In der Versicherungsbranche gibt es Unternehmen, die sich auf die Analyse dieser Art von Daten spezialisiert haben. Sie kombinieren unterschiedliche Datenquellen und setzen fortschrittliche Analysemethoden ein. Und die Ergebnisse? Eine beeindruckende Reduzierung der Betrugsfälle und die Enttarnung organisierter Betrugsringe. KI wird darüber hinaus auch eingesetzt, um Schadensfälle besser zu bewerten, die Preisgestaltung zu optimieren und den Versicherungsschutz zu personalisieren.

Wie verändern unstrukturierte Daten das Finanzsystem und den Wettbewerb?

Unstrukturierte Daten bergen große Chancen für unser Finanzsystem. Datenbasierte, analytische Ansätze ermöglichen präzisere Entscheidungen, etwa bei der Bonitätsprüfung oder der Kapitalanlage. Sie verbessern den Schutz vor Betrug oder Cyberattacken.
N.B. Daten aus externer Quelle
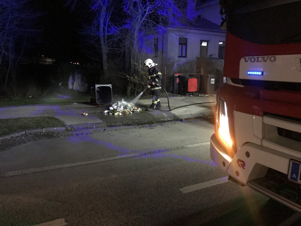 Zum zweiten Mal in zwei Nächten brannte in der Nacht auf Freitag, 06.03., in der Pottendorferstraße eine Mülltonne. Durch erste Löschmaßnahmen durch Passanten und die eingetroffene Polizei konnte der Brand noch vor Eintreffen der Feuerwehr niedergehalten werden. Die Feuerwehr führte dann noch Nachlöscharbeiten durch und kontrollierte mit einer Wärmebildkamera auf Glutnester. Die Polizei stellte Erhebungen zur Brandursache an.
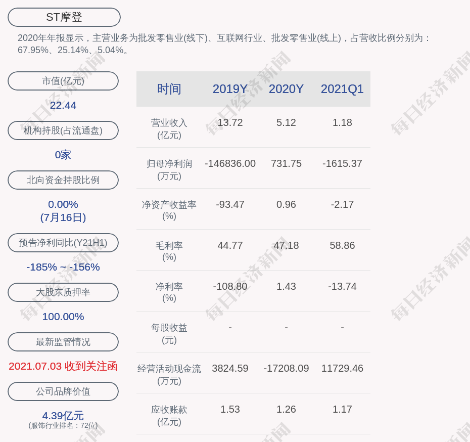 2020年年报显示,ST摩登的主营业务为批发零售业(线下)、互联网行业、批发零售业(线上),占营收比例分别为:67.95%、25.14%、5.04%。
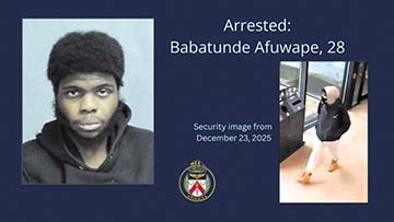去年12月23日下午发生在Highland Creek Trail與Old Kingston Road多倫多大學士嘉堡校區附近的一起緻命槍擊案有了最新進展。多倫多警方1月7日証實,一名28歲男子Babatunde Afuwape已被控一級謀殺,並表示案件初步判斷爲隨機暴力行爲,受害的20歲學生Shivank Avasthi與嫌疑人並不相識。多倫多警方偵探警司Stacey McCabe表示,在槍擊案中,嫌疑人在警員到達前已逃離現場,他正因槍械相關罪行處於假釋期,作案動機仍在調查中。多倫多警方已公佈嫌疑人的照片,並呼籲公衆提供更多線索,同時表示相信可能還有更多人在案发當天曾在槍擊发生的步道或校園內見過嫌疑人。
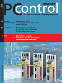 2006年第一期《PC Control》雜志秉承了刊物的一貫宗旨,并集中探討了自動(dòng)化領(lǐng)域的前沿?zé)狳c(diǎn)問題。產(chǎn)品專欄中介紹了Beckhoff新品EtherCAT伺服驅(qū)動(dòng)AX5000和CP69xx系列控制面板,并深入闡述了TwinSAFE安全自動(dòng)化模塊系統(tǒng)。應(yīng)用案例中,我們將看到PC控制技術(shù)為光電企業(yè)OTB的OLED生產(chǎn)制造所來帶的益處,TwinCAT軟件如何幫助米蘭La Scala歌劇院控制舞臺(tái)設(shè)備,以及BX3100 PROFIBUS DP總線模塊所實(shí)現(xiàn)的過程控制等。此外,本期還涵括了PC控制技術(shù)在智能樓宇、焊接冶金、食品加工等方面的應(yīng)用,并由Josef Papenfort博士就“PLC和單一PC中的運(yùn)動(dòng)控制”這一課題發(fā)表了若干心得體會(huì)。
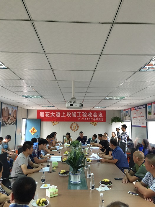 官盛新區管委會規建處主任柏魯代表驗收小組發言,宣讀了驗收小組驗收結論,原則同意驗收意見。他總結指出,蓮花大道上段竣工驗收代表了官盛新區建設取得了又一項重要成果,希望各參建單位再接再厲、再創佳績。李榮盛常委做總結發言,他表示蓮花大道上段的竣工驗收實屬不易,對該工程竣工驗收表示熱烈祝賀,同時充分肯定了江蘇華建前階段工作,對現場工程質量、安全生產、文明施工管理、施工進度給予了高度評價。

Dies führt insgesamt zu stabileren Banken.

Mit Zugang zu wertvollen Markt- und Aufsichtsdaten können die Zentralbanken die Vorteile der KI nutzen, um ihren Auftrag zur Wahrung von Preis- und Finanzstabilität noch besser zu erfüllen.

Die Vorteile summieren sich zu einem insgesamt stabileren Finanzsystem, das durch die Analyse unstrukturierter Daten gestärkt wird. Doch wir dürfen uns nicht in einem naiven Fortschrittsglauben verlieren, sondern müssen auch die Risiken im Blick behalten.”

Beim Maschinellen Lernen bestimmt die Qualität der Daten den Erfolg unserer Algorithmen. Unvollständige oder fehlerhafte Daten bergen das Risiko unzuverlässiger Ergebnisse. Genau hier bringt der Zentralbereich Daten und Statistik der Bundesbank seine wertvolle Expertise ein.

Angesichts der Flut an unstrukturierten Daten könnten wir ohne tiefgreifende Expertise der “blinden” Datenanalyse anheimfallen und einer Informationsillusion erliegen. Es genügt nicht, Daten zu besitzen – wir müssen sie auch richtig nutzen und verstehen können.

Ein nicht zu vernachlässigendes Risiko ist die öffentliche Wahrnehmung von Künstlicher Intelligenz. Laut einer Allensbach-Studie finden 58% den Begriff “Künstliche Intelligenz” unsympathisch und nur 23% sehen eine effektive Regulierung als realisierbar. Gerade im Sektor des Finanzwesens, in dem Vertrauen eine wichtige Rolle spielt, könnten solche Akzeptanzprobleme die Technologieeinführung deutlich behindern.

Schließlich ist die Funktionsweise von KI komplex. Sie kann uns durch unerwartete Fehler und prozyklische Effekte überraschen. Diese Herausforderungen können weitreichende Auswirkungen auf unsere Finanzinstitutionen und die gesamte Stabilität des Systems haben.

Hier kommt wieder der Mensch ins Spiel. Wir sind es, die letztlich die Verantwortung für Entscheidungen tragen. Dabei bleibt es.